=== Section Start ===
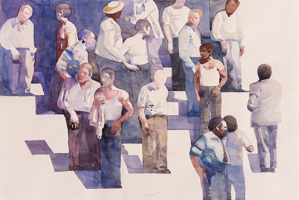 Dino Boschi (Bologna 1923 – 2015), “Curva”. Acquerello su carta, firmato in basso al centro Boschi, al retro opera titolata ‘Curva’, H cm 31x46
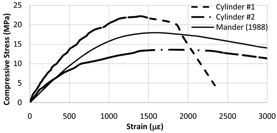 Three concrete compression tests were carried out to evaluate the stress-strain relationship. Three samples were used for this test, with the compression strengths of the concrete cylinders as 17.15 MPa, 22.16 MPa, and 13.72 MPa. Nevertheless, only two stress-strain curves were obtained from these laboratory tests, as shown in Figure 7, because the deformation of the first compression test was not properly recorded.
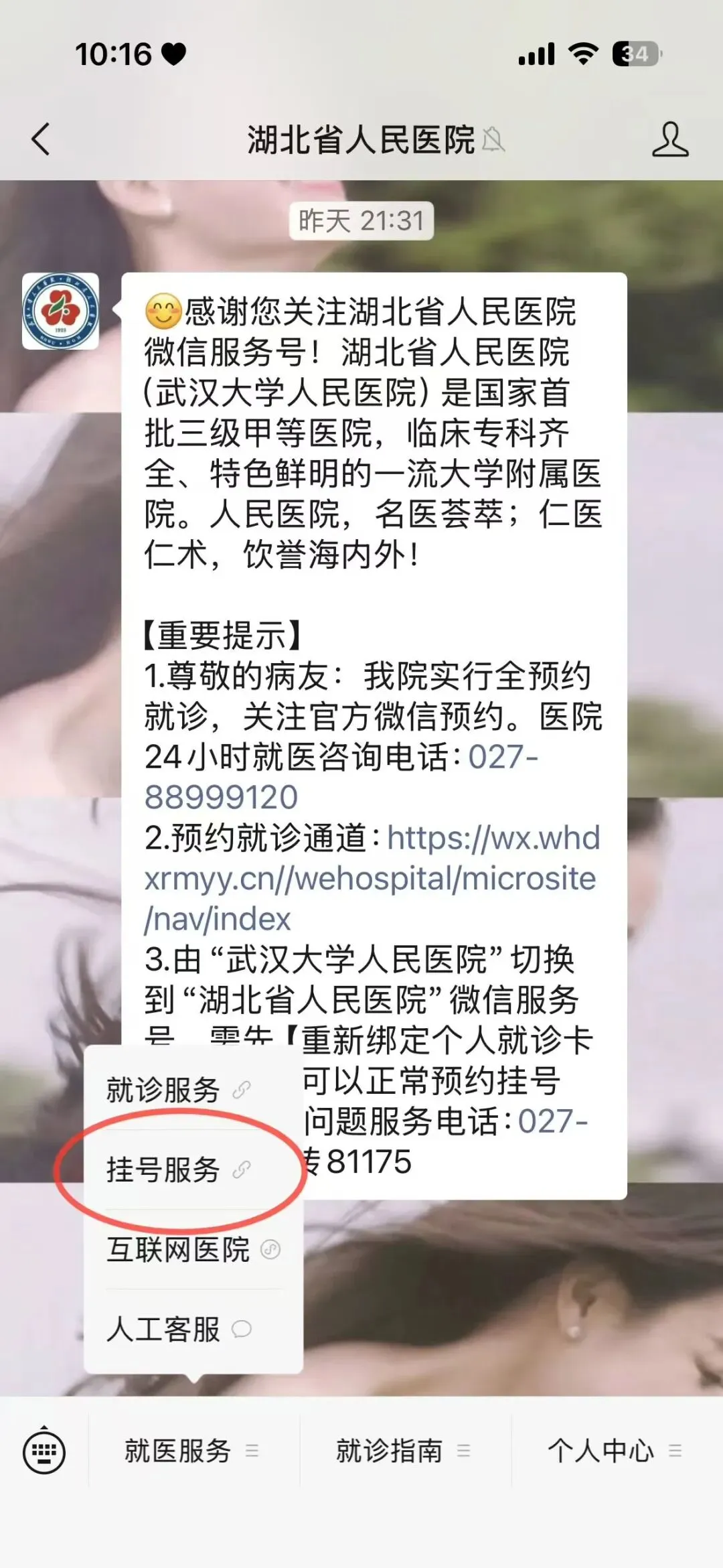 选择“挂号服务”
=== Section End ===
• _What you are asked to do_: The copy has to start at the line that contains "Three concrete compression" and end at the last line of the material above, matching the original exactly and holding no pictures.

• _Solution_:
 Three concrete compression tests were carried out to evaluate the stress-strain relationship. Three samples were used for this test, with the compression strengths of the concrete cylinders as 17.15 MPa, 22.16 MPa, and 13.72 MPa. Nevertheless, only two stress-strain curves were obtained from these laboratory tests, as shown in Figure 7, because the deformation of the first compression test was not properly recorded.
 选择“挂号服务”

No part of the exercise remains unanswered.